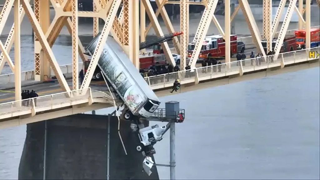 Sydney Thomas, o șoferiță în vârstă de 26 de ani, conducea camionul care în urma coliziunii a rupt bara de protecție a podului și a rămas atârnată deasupra rîului Ohio – imaginile sunt ireale.
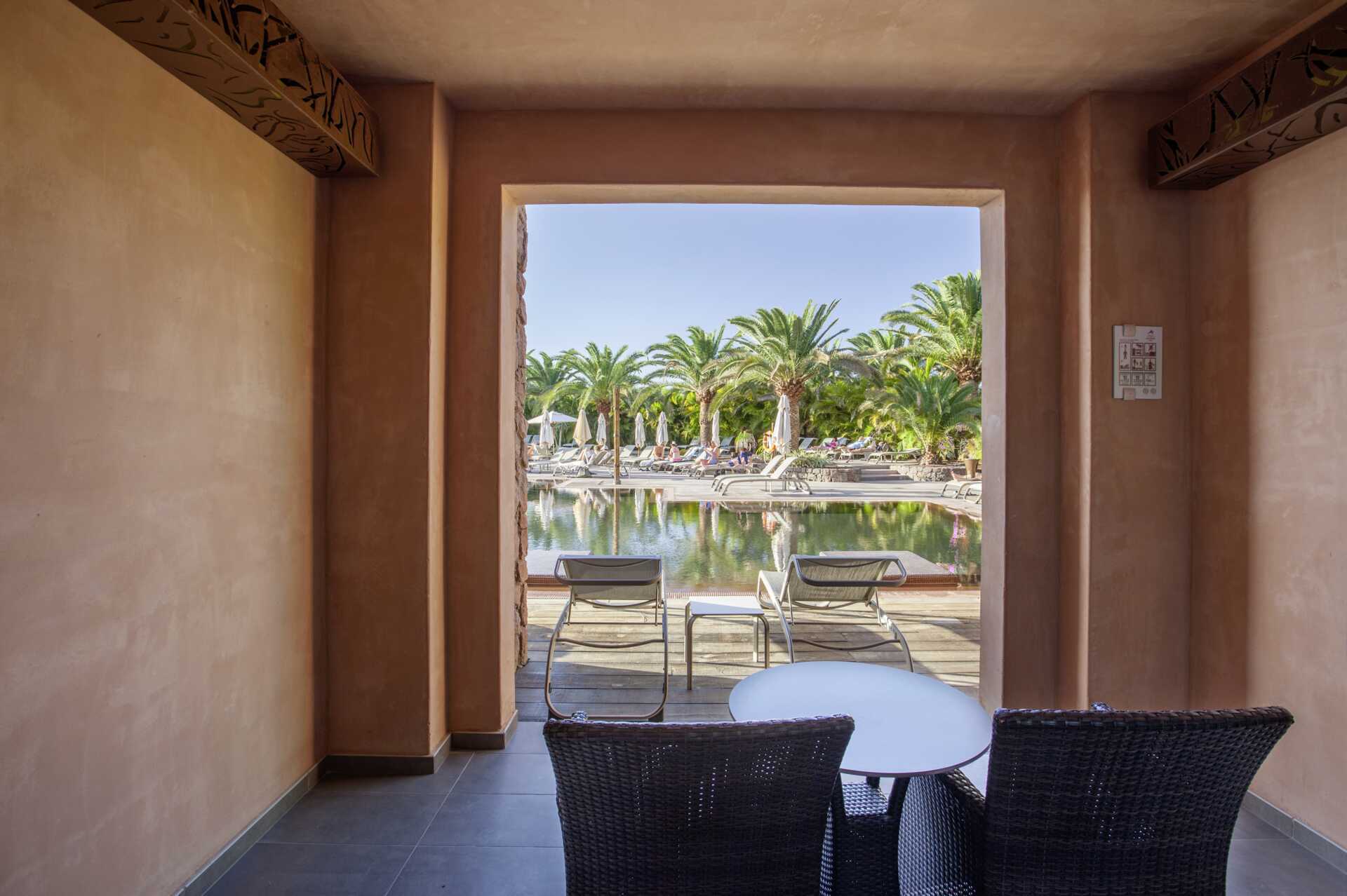 Dobbeltrom med uteplass og eget basseng. På uteplassen er det bord og stoler samt to solsenger. Stige ned i bassenget. En dobbeltseng. Mulig med ekstrasenger i sovesofa. Wifi, safe og luftkondisjonering inkludert. Minibar. Vannkoker. Nespresso kaffemaskin. TV. Badekåper og tøfler. Hårføner. Badekar og wc. Rengjøring 7 ggr/uke. Barn under 2 år regnes inn i maksantallet i rommet.
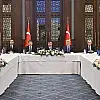Cumhurbaşkanlığı Külliyesi'ndeki görüşmede, Adalet Bakanı Yılmaz Tunç, Çalışma ve Sosyal Güvenlik Bakanı Vedat Işıkhan, Sanayi ve Teknoloji Bakanı Mehmet Fatih Kacır, Ticaret Bakanı Ömer Bolat, Cumhurbaşkanlığı Strateji ve Bütçe Başkanı İbrahim Şenel ve bazı bakan yardımcıları da yer aldı.
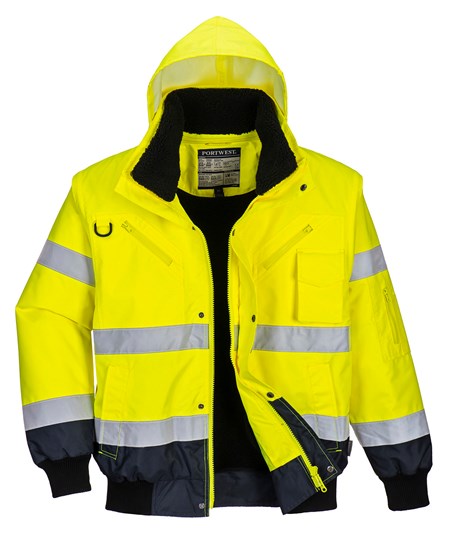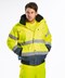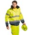 Bande réfléchissante argentée de 2", imperméable avec des coutures étanches, manches amovibles, col et doublure en fourrure, poignets et taille côtelés, capuche repliable réglable et poches : 1 poche pour téléphone portable, 2 poches poitrine, 2 poches intérieures soudées, 1 poche sur la manche et 2 poches plaquées à rabat avec une fermeture éclair et des boutons-pression
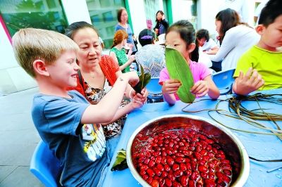 日前,東直門街道聯合香北社區共同在萬國城北區戶外廣場舉辦“粽享童年”兒童嘉年華活動。中外兒童在老師們的帶領下與社區居民一起動手包粽子,體驗獨具特色的中國傳統民俗文化。本報記者 孫戉攝
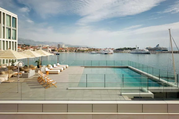 Today, Hotel Ambasador is a five-star luxury hotel with 100 contemporary rooms and suites filled with natural light. Clean lines, neutral tones, and natural materials allow the views to take centre stage, from the marina to Marjan Park and the UNESCO-listed old town.
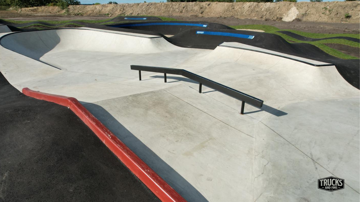 Rawicz Skatepark is a small park with several basic skateboarding obstacles in a back and forth setup.
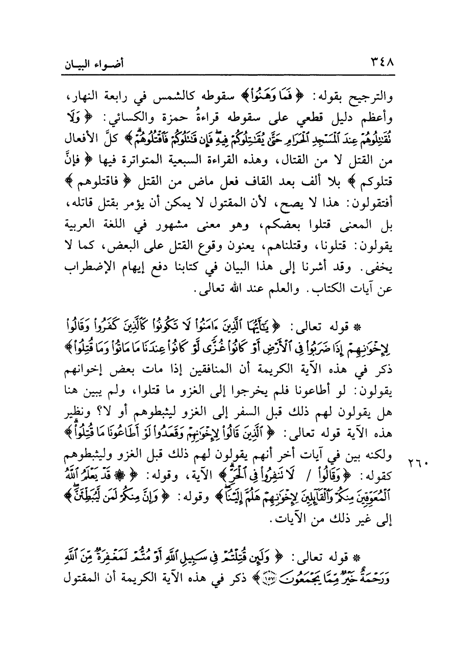 • قوله تعالى: {يَا أَيُّهَا الَّذِينَ آمَنُوا لا تَكُونُوا كَالَّذِينَ كَفَرُوا وَقَالُوا لإِخْوَانِهِمْ إِذَا ضَرَبُوا فِي الْأَرْضِ أَوْ كَانُوا غُزّىً لَوْ كَانُوا عِنْدَنَا مَا مَاتُوا وَمَا قُتِلُوا} ذكر في هذه الآية الكريمة أن المنافقين إذا مات بعض إخوانهم يقولون: لو أطاعونا فلم يخرجوا إلى الغزو ما قتلوا، ولم يبين هنا هل يقولون لهم ذلك قبل السفر إلى الغزو ليثبطوهم أو لا؟ ونظير هذه الآية قوله تعالى: {الَّذِينَ قَالُوا لإِخْوَانِهِمْ وَقَعَدُوا لَوْ أَطَاعُونَا مَا قُتِلُوا} ولكنه بين في آيات أخر أنهم يقولون لهم ذلك قبل الغزو وليثبطوهم كقوله: {وَقَالُوا لا تَنْفِرُوا فِي الْحَرِّ} الآية، وقوله: {قَدْ يَعْلَمُ اللَّهُ الْمُعَوِّقِينَ مِنْكُمْ وَالْقَائِلِينَ لِإِخْوَانِهِمْ هَلُمَّ إِلَيْنَا} وقوله: {وَإِنَّ مِنْكُمْ لَمَنْ لَيُبَطِّئَنَّ} إلى غير ذلك من الآيات.
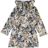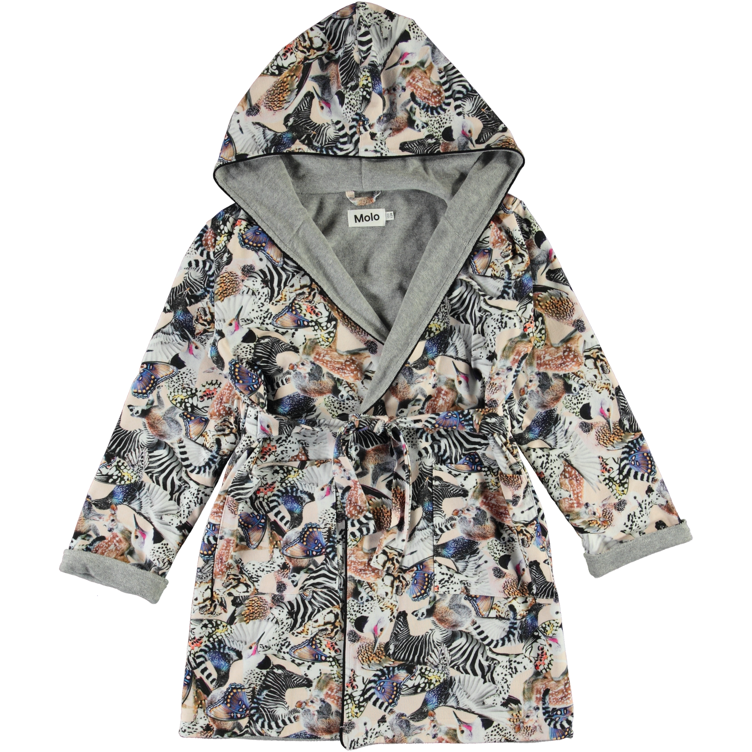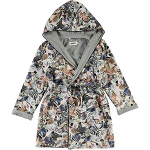 Weicher Bademantel mit Druck verschiedener Tiere, die zusammen ein schönes Muster bilden. Der Bademantel ist mit dünnen und weichen Frottee gefüttert, hat zwei Taschen, einen Bindeband in der Taille und eine große Kaputze, um den Nacken und Kopf besonders warm zu halten.
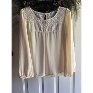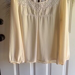 Skies are Blue Off White Long Sleeve Top/Blouse/Shirt with Lace detail Size L
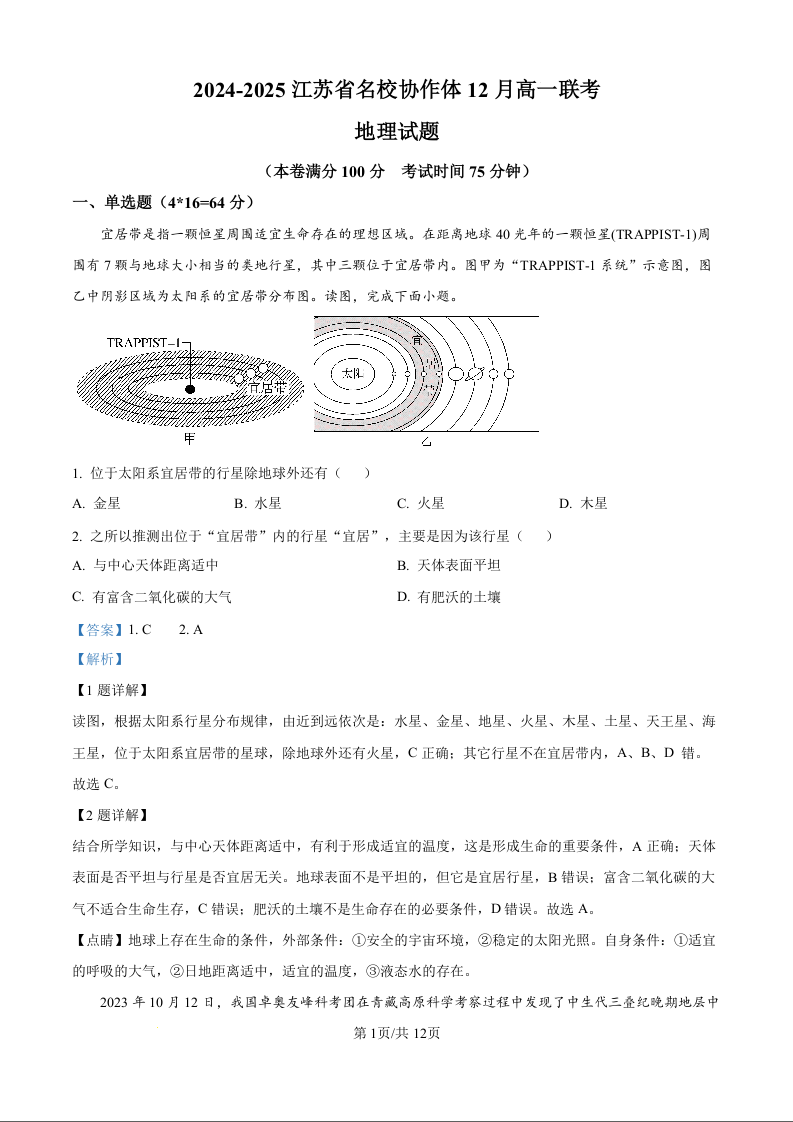 江苏省名校协作体2024-2025学年高一上学期12月月考地理(精品解析版)
════════
Every record is to be reproduced exactly, with no pictures included.

 Sydney Thomas, o șoferiță în vârstă de 26 de ani, conducea camionul care în urma coliziunii a rupt bara de protecție a podului și a rămas atârnată deasupra rîului Ohio – imaginile sunt ireale.
 Dobbeltrom med uteplass og eget basseng. På uteplassen er det bord og stoler samt to solsenger. Stige ned i bassenget. En dobbeltseng. Mulig med ekstrasenger i sovesofa. Wifi, safe og luftkondisjonering inkludert. Minibar. Vannkoker. Nespresso kaffemaskin. TV. Badekåper og tøfler. Hårføner. Badekar og wc. Rengjøring 7 ggr/uke. Barn under 2 år regnes inn i maksantallet i rommet.
Cumhurbaşkanlığı Külliyesi'ndeki görüşmede, Adalet Bakanı Yılmaz Tunç, Çalışma ve Sosyal Güvenlik Bakanı Vedat Işıkhan, Sanayi ve Teknoloji Bakanı Mehmet Fatih Kacır, Ticaret Bakanı Ömer Bolat, Cumhurbaşkanlığı Strateji ve Bütçe Başkanı İbrahim Şenel ve bazı bakan yardımcıları da yer aldı.
 Bande réfléchissante argentée de 2", imperméable avec des coutures étanches, manches amovibles, col et doublure en fourrure, poignets et taille côtelés, capuche repliable réglable et poches : 1 poche pour téléphone portable, 2 poches poitrine, 2 poches intérieures soudées, 1 poche sur la manche et 2 poches plaquées à rabat avec une fermeture éclair et des boutons-pression
 日前,東直門街道聯合香北社區共同在萬國城北區戶外廣場舉辦“粽享童年”兒童嘉年華活動。中外兒童在老師們的帶領下與社區居民一起動手包粽子,體驗獨具特色的中國傳統民俗文化。本報記者 孫戉攝
 Today, Hotel Ambasador is a five-star luxury hotel with 100 contemporary rooms and suites filled with natural light. Clean lines, neutral tones, and natural materials allow the views to take centre stage, from the marina to Marjan Park and the UNESCO-listed old town.
 Rawicz Skatepark is a small park with several basic skateboarding obstacles in a back and forth setup.
 • قوله تعالى: {يَا أَيُّهَا الَّذِينَ آمَنُوا لا تَكُونُوا كَالَّذِينَ كَفَرُوا وَقَالُوا لإِخْوَانِهِمْ إِذَا ضَرَبُوا فِي الْأَرْضِ أَوْ كَانُوا غُزّىً لَوْ كَانُوا عِنْدَنَا مَا مَاتُوا وَمَا قُتِلُوا} ذكر في هذه الآية الكريمة أن المنافقين إذا مات بعض إخوانهم يقولون: لو أطاعونا فلم يخرجوا إلى الغزو ما قتلوا، ولم يبين هنا هل يقولون لهم ذلك قبل السفر إلى الغزو ليثبطوهم أو لا؟ ونظير هذه الآية قوله تعالى: {الَّذِينَ قَالُوا لإِخْوَانِهِمْ وَقَعَدُوا لَوْ أَطَاعُونَا مَا قُتِلُوا} ولكنه بين في آيات أخر أنهم يقولون لهم ذلك قبل الغزو وليثبطوهم كقوله: {وَقَالُوا لا تَنْفِرُوا فِي الْحَرِّ} الآية، وقوله: {قَدْ يَعْلَمُ اللَّهُ الْمُعَوِّقِينَ مِنْكُمْ وَالْقَائِلِينَ لِإِخْوَانِهِمْ هَلُمَّ إِلَيْنَا} وقوله: {وَإِنَّ مِنْكُمْ لَمَنْ لَيُبَطِّئَنَّ} إلى غير ذلك من الآيات.
 Weicher Bademantel mit Druck verschiedener Tiere, die zusammen ein schönes Muster bilden. Der Bademantel ist mit dünnen und weichen Frottee gefüttert, hat zwei Taschen, einen Bindeband in der Taille und eine große Kaputze, um den Nacken und Kopf besonders warm zu halten.
 Skies are Blue Off White Long Sleeve Top/Blouse/Shirt with Lace detail Size L
 江苏省名校协作体2024-2025学年高一上学期12月月考地理(精品解析版)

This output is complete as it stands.